A receita de US$ 635,9 milhões de outubro a dezembro, um crescimento de 214% em relação aos últimos três meses de 2020. A instituição financeira alcançou uma receita de US$ 1,7 bilhão no ano passado, o que representa uma alta de 130% em relação a 2020.

Clientela em alta, mas concentrada no Brasil

O Nubank adicionou 5,8 milhões de clientes em sua base, chegando a um total de 53,9 milhões. Deste total, 52,4 milhões estão no Brasil. No México, a empresa chegou a 1,4 milhão e se colocou como a empresa que mais emite novos cartões de crédito no país norte-americano. Já na Colômbia, país em que David Vélez - presidente do Nubank -, nasceu, a empresa chegou a 114 mil depois de 15 meses do lançamento.

Em mensagem para os acionistas, Vélez viu como positivo o balanço do quarto trimestre e chamou a atenção para o número de brasileiros que foram incluídos no mercado de capital através do seu programa NuSócios, que deu BDRs (recibos de ações) da fintechs para os clientes que assim o quisessem. 


“Mantendo a nossa orientação de longo prazo e sempre colocando os clientes em primeiro lugar, estamos acelerando os esforços para construir um poderoso ecossistema para acelerar a expansão em nossos novos mercados geográficos”, escreveu Vélez. 

Crédito em crescimento, reservas contra calotes também

O Nubank encerrou 2021 com uma carteira de crédito  de US$ 2 bilhões, crescimento de 317% na comparação com o fechamento de 2020. Quando se desconta a variação cambial, a alta foi de 343,5%.

O crescimento foi impulsionado principalmente pela expansão de empréstimos pessoais e, em menor medida, pela introdução de novos produtos financeiros, incluindo financiamento de compras e de boletos, bem como refinanciamento de contas, ressalta o banco ao apresentar seus resultados.

Esse aumento veio acompanhado de forte reforço nas provisões para devedores duvidosos (PDD). No quarto trimestre, as provisões somaram US$ 199,6 milhões, expansão de 258% em 12 meses. No acumulado de 2021, as provisões US$ 480,6 milhões, aumento de 183%.

Apesar do reforço das provisões e da alta do crédito, a fintech destaca que os calotes seguem baixos. A taxa de inadimplência, considerando os atrasos acima de 90 dias, fechou 2021 em 3,5%, de 3,4% no trimestre anterior. A média do mercado em dezembro era de 5%, destaca o Nubank em seu balanço.

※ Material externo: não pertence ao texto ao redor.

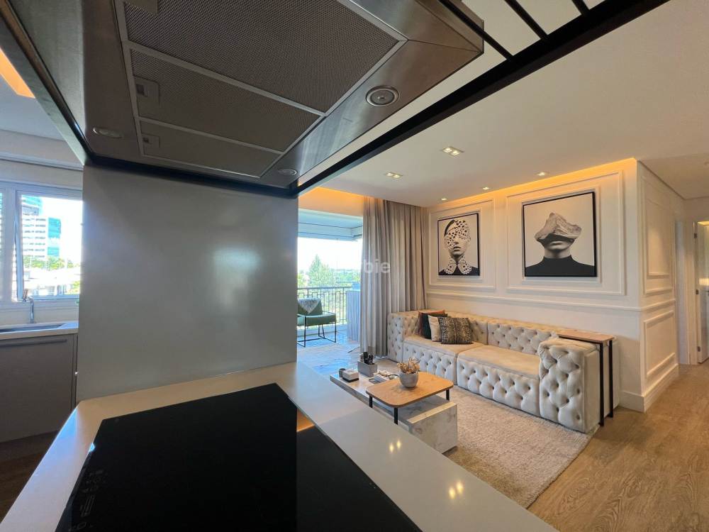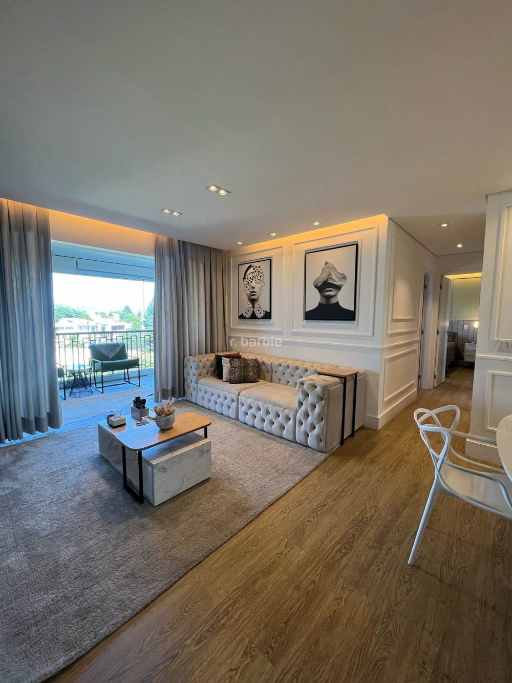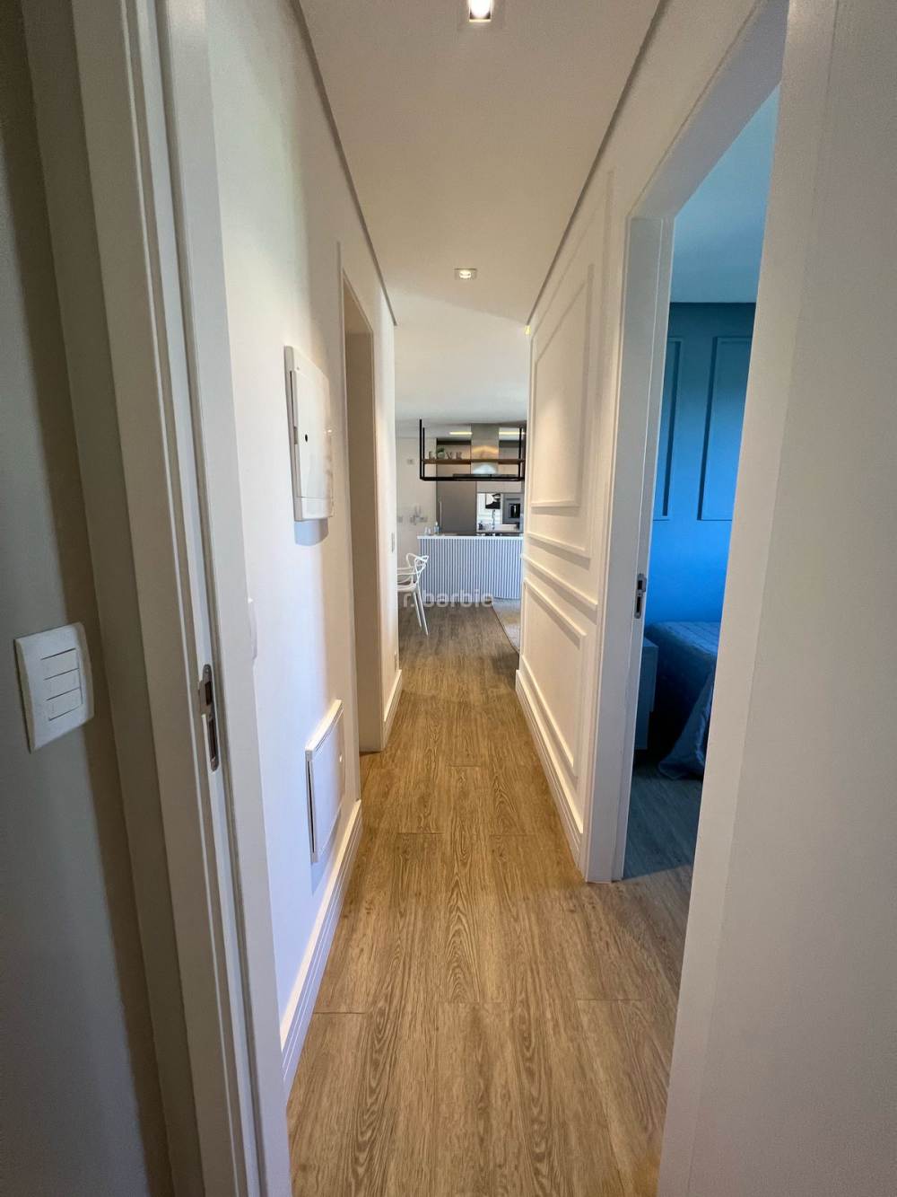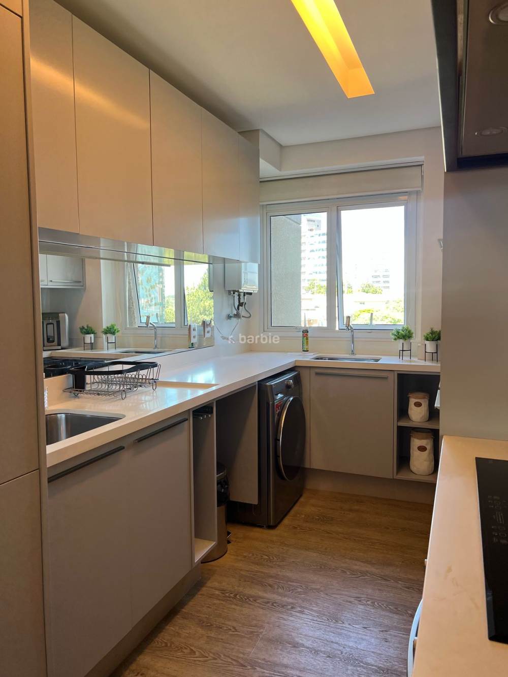 Apartamento mobiliado com 2 dormitórios sendo 1 suíte em Alphaville, 79 metros, living para 2 ambientes, cozinha ampla com armários planejados e eletrodomésticos, lavanderia, varanda integrada, 2 banheiros, ar condicionado, andar baixo, vista livre e 2 vagas de garagem.

Para atrasos de menor prazo, a taxa subiu de 2,3% em setembro para 2,6% em dezembro.

Prova de lucratividade

Para Flávio de Oliveira, chefe de renda variável do escritório Zahl Investimentos, apesar dos números acima do esperado por parte do mercado, os verdadeiros testes do Nubank acontecerão nos próximos trimestres. O maior desafio da fintech, segundo ele, é mostrar que ela pode ser lucrativa com o seu atual modelo de negócio.

“Prejuízos fazem parte de empresas de tecnologia de crescimento, mas o Nubank tem uma das maiores clientelas, mas com uma das menores receitas em dólar. A grande dúvida que ainda paira no mercado é se ela vai conseguir monetizar os clientes”, afirma Oliveira.

Para Renato Mendes, sócio da consultoria F5 Business Growth, a empresa conseguiu mostrar um sólido resultado em 2021, ainda mais por ter tido um crescimento robusto e ter conseguido equilibrar as perdas. "A empresa continua acelerando o crescimento e com uma velocidade assustadora. Acredito que isso mostra que o modelo do Nubank não é mais uma incerteza e já está dando certo", diz Mendes.